Il tempo è la cosa più preziosa che una persona possa spendere

Pubblicato: Sabato, 06 Luglio 2019 Stampa Email

Far tesoro del proprio tempo, ma cosa significa veramente?
Tutti i giorni pensiamo di investire il nostro tempo nelle cose che per noi contano, nelle persone in cui crediamo o nel lavoro che facciamo. Un significato al valore del tempo hanno provato a darlo alcuni giovani della Parrocchia Sacro Cuore che, dal 17 al 28 Giugno 2019, insieme ad i parroci don Stefano Cambria e don Antonio Arcuri, hanno animato il Grest il quale ha avuto come tema “Wunder”, un simpatico villaggio di vichinghi.
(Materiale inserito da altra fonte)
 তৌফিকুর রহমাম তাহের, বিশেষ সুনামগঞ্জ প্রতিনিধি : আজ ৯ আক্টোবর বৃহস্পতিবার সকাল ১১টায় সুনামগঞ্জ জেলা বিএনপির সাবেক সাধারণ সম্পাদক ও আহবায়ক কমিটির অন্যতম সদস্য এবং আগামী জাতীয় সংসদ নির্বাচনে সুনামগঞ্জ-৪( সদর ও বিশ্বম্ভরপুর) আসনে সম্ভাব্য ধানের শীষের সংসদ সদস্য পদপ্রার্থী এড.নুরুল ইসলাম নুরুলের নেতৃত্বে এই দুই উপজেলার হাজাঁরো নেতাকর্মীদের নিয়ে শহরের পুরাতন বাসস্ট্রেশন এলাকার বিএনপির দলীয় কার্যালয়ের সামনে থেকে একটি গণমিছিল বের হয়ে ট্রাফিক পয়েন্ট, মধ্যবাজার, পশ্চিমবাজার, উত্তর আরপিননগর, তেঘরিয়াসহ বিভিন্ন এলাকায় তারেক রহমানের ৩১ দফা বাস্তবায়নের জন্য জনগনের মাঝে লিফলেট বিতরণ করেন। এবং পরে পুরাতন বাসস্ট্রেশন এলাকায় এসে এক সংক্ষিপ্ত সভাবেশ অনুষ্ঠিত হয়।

Le vicende dei suoi protagonisti, Asla, Kimi, Re Kork, Nonna Inga e Lomu hanno accompagnato per due settimane le mattine di circa 80 bambini dai 6 agli 11 anni, grazie alla bravura ed al coinvolgimento degli animatori. Proprio loro, infatti, sono stati il motore di questo evento, provenienti quasi tutti dal dopo Cresima e dal Servizio Civile Nazionale, promosso, come sempre, dalla Cooperativa Noemi.
La preparazione è iniziata sin da febbraio con la scelta del tema che quest’anno ha seguito quello proposto da “Oragiovane”, una cooperativa formatasi nel contesto delle opere salesiane, ed è continuata con una serie di incontri, mano a mano più frequenti, tra organizzatori ed animatori indirizzati alla conoscenza del gruppo ed alla formazione. Colonna portante del Grest è stata suor Caterina Lievore delle Suore della Divina Volontà.
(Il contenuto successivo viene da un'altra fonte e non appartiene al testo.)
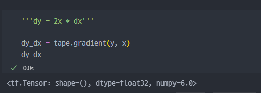 y = x**2이다. x는 3이므로 y는 9이다. 미분하게 되면x**2의 식이2x로 변경되며, x는 3 이므로 미분값(리턴값)은6이 된다.

Gli animatori sono stati divisi in gruppi durante la fase preparatoria, è stato possibile, quindi, creare laboratori, giochi e momenti di preghiera fino all’organizzazione della giornata conclusiva, in gita al Parco della Biodiversità Mediterranea di Catanzaro, che ha rispettato le direttive del tema nazionale ed ha fatto immergere i piccoli nella natura. Ogni giornata ha seguito una struttura precisa: i bambini sono stati divisi in cinque squadre, ognuna di queste con un colore ed un personaggio di appartenenza. Il primo momento è stato quello dell’accoglienza, grazie ad i sorrisi, agli abbracci ed all’intrattenimento degli animatori (diventati attori per l’occasione). Gli stessi hanno proposto la storia di “Wunder” sotto forma di recita con gli abiti cuciti su misura per sembrare veri vichinghi. I piccoli ospiti, divertiti, hanno partecipato alle scenette cercando di mettere insieme gli indizi che venivano loro proposti dagli attori quotidianamente. Fondamentale la parte dedicata ai giochi, sempre diversi e volti a stimolare sia gioco di squadra che sana competizione. Dopo una veloce merenda, i bambini sono stati divisi nelle stanze a tema per i vari laboratori che sono serviti per dare vita ai tanti oggetti presenti nella storia e per favorire l’approccio a tanti materiali come legno, metallo, argilla e tempera.
A fine di ogni giornata il momento di preghiera, durante il quale è stata letta la Parola e sono state svolte brevi attività inerenti la bellezza nelle sue varie forme: dal profumo del pane alla carezza di un amico. La Chiesa del Sacro Cuore ha fatto da scenario ad un momento unico nel quale provare la gioia della condivisione.